The designations were given to spectral lines in various alkali metals, which were grouped into series. At the time shapes of orbitals were not known - orbitals and their connection to spectroscopic transitions were discovered later. As you might guess, lines in the sharp series were, well, sharp peaks, whereas those in the diffuse series had a lot of fine structure. These two designations came from emission spectra, primarily (I believe) sodium, which was one of the first studied. https://en.wikipedia.org/wiki/Sharp_serieshttps://en.wikipedia.org/wiki/Diffuse_series
The "Principal" in principal series derives from similarity(in pattern) of absorption lines of alkalis to those of corresponding hydrogen spectra (for obvious reasons, as we now know), against which many atomic spectra were usually compared as a benchmark. Since the hydrogen spectra were the ones that were first seriously analyzed, their spectral line series was known the best - so I guess the "principal" appellation for similar spectral series that appeared in the alkalis makes sense.

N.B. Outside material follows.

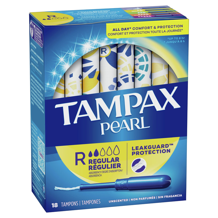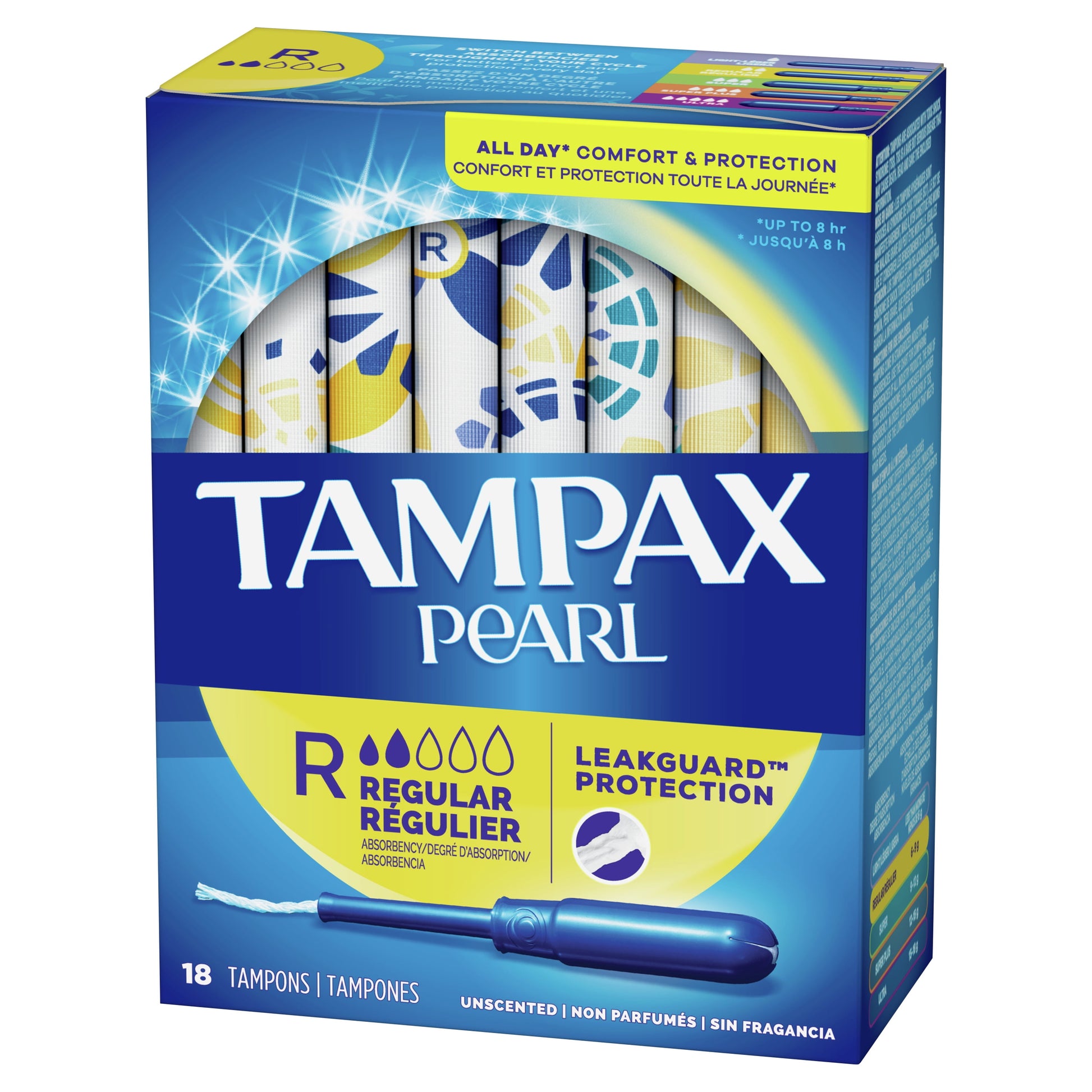 It's time to Tampax and live your life without limits. Get incredible all day comfort and protection for up to eight hours with Tampax Pearl tampons. Choose from five different absorbencies to match your changing flow. Got leaks? Go up an absorbency. Uncomfortable to remove? Go down an absorbency. Designed with a LeakGuard Braid to help stop leaks before they happen. Tampax Pearl Regular/Super/Super Plus Absorbency provides protection you can feel good about. Free of dyes, perfume, latex*, BPA, and elemental chlorine bleaching. Unscented, 18ct. Plus, inserting the tampon is made easy thanks to the applicator's Anti-Slip Grip, while Tampax FormFit protection lets it gently expand to your individual shape. How to insert a tampon: Slowly insert the tampon applicator from the tip, all the way to the grip. After you've pushed the plunger in all the way, pull the applicator out. How to remove a tampon: You'll use your thumb and finger to grip the string and pull it slowly out. Please do not flush your tampon. Properly dispose of your tampon in the trash. Ready to ditch the leaks? Get amazing protection with Tampax, the #1 U.S. Gynecologist recommended tampon brand**. Discover your perfect flow combo and get the protection you need.*natural rubber latex**based on 2022 survey

I'm wasn't sure where the fundamental comes from, but according to this:https://en.wikipedia.org/wiki/Fundamental_series
It seems like it was because the discoverer thought the line pattern was much simpler than other series, perhaps because the fine structure was too small to be easily observed.
Anyway, eventually the origin of spectral lines was discovered as quantum mechanics was formulated (actually, coming up with ways to explain the spectral line patterns was a big part of that), and the orbital transitions that gave rise to the spectral lines took the names of those series....and the rest is history.